Published: May 08, 2018
Lamar Wayman is an athlete. He played football, basketball, tee-ball, and practiced karate.
But at age eight, Lamar was diagnosed with a cancerous tumor on his spinal cord and a cyst on his brain stem. In August 2017, he was admitted to Nemours/Alfred I. duPont Hospital for Children and underwent two major surgeries in just two days to remove both the spinal cord tumor and brain stem cyst. Life changed for the Wayman family.
“One of my biggest fears when the doctors told me my son would be in a wheelchair was transportation,” Apryl Monroe-Wayman says, “My grandmother helps take Lamar to appointments but she isn’t able to lift a wheelchair.”
After Lamar’s surgery, he stayed as inpatient at the hospital for 81 days with a demanding schedule of rehabilitation seven days a week. Now nine years old, he is doing CORP (Comprehensive Outpatient Rehabilitation Program) five days a week and staying at the Ronald McDonald House with his mom. The Waymans are from Dover, Delaware, well over an hour from the hospital. With such an intensive schedule of therapy, Apryl shares “I don’t believe Lamar would be as successful in his progression since his surgery if it weren’t for the House.”
The family has adapted quickly during their stay at the House, finding help in many places. Our volunteer van drivers and wheelchair accessible van have helped calm April’s concerns about transportation, and the family has made many new friends, while also finding a welcoming environment to host old friends. Lamar has a huge support system made of friends and family who often visit at the Ronald McDonald House, including members of their church “Power in Praise Ministries.” Pastor Bishop Carlos Cannon Sr. and his wife LeFeisha Cannon, who are also Lamar’s godparents, lead this supportive group.

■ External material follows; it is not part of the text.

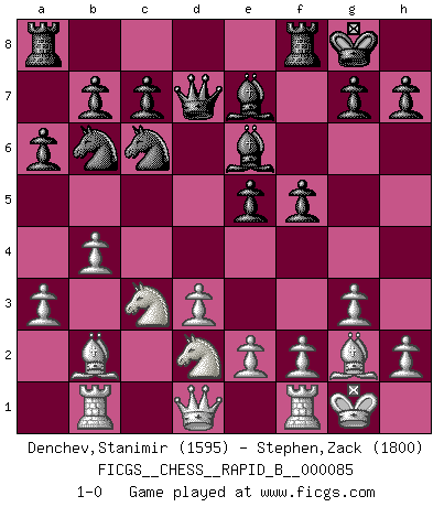 Last move : 1-0 2008 May 17 22:9:27 [Event "FICGS__CHESS__RAPID_B__000085"] [Site "FICGS"] [Date "2008.02.28"] [Round "1"] [White "Denchev,Stanimir"] [Black "Stephen,Zack"] [Result "1-0"] [WhiteElo "1595"] [BlackElo "1800"] 1.c4 e5 2.Nc3 Nf6 3.g3 d5 4.cxd5 Nxd5 5.Bg2 Nb6 6.Nf3 Nc6 7.Rb1 Be7 8.b4 a6 9.O-O O-O 10.a3 Be6 11.d3 f5 12.Bb2 Qd7 13.Nd2 1-0 This chess game has been lost on time (started : 2008.02.28 10:52:58) English : Bremen, reverse Dragon Kingside Castling by player White (move 9) Kingside Castling by player Black (move 9) Player White won this chess game. Follow this game move after move (download)Best by test: 1. e4 (Bobby Fischer) Was ist der Unterschied zwischen einem Strassenarbeiter und einem Schachspieler? --Der Schachspieler bewegt sich ab und zu. (Anonymous) Botvinnik trató de alejar el misterio referente al Ajedrez, siempre relacionandolo a situaciones de la vida diaria. Solía llamar al Ajedrez un problema inexacto típico, similar a aquellos en que la gente tiene siempre que resolver a cada día. (Garry Kasparov) Un journaliste : 'Vous préférez avoir une dame de plus sur l'échiquier ou au lit ?' Boris Spassky : 'Ca dépend de la position.' All the biggest technological inventions created by man - the airplane, the automobile, the computer - says little about his intelligence, but speaks volumes about his laziness. (Mark Kennedy)

The Waymans’ journey is teaching them many things. “I’ve learned so much from other families and appreciate that Lamar has the opportunity to see different children who are all going through different struggles,” says Apryl. She says she has also learned patience, and that she is not going through this alone. “There are people willing to help. People come and cook meals, taking time away from their own families; that means so much.” Now, the Waymans are extending that kindness, often sticking around after dinner, inviting other families to play games at the table with them.
Lamar’s favorite part about the House? “Eating!” He says. He especially enjoys the ice cream socials hosted by volunteer groups.
As Lamar’s journey to recovery continues, his family hopes he will continue to progress and “become the young man that God has planned for him to become. We hope that he will be able to walk again and that he can return to playing sports.”
Lamar is certainly still an athlete. He and his friend Isa did not one, but TWO very competitive wheelchair races down our hallway last week. There was lots of laughter.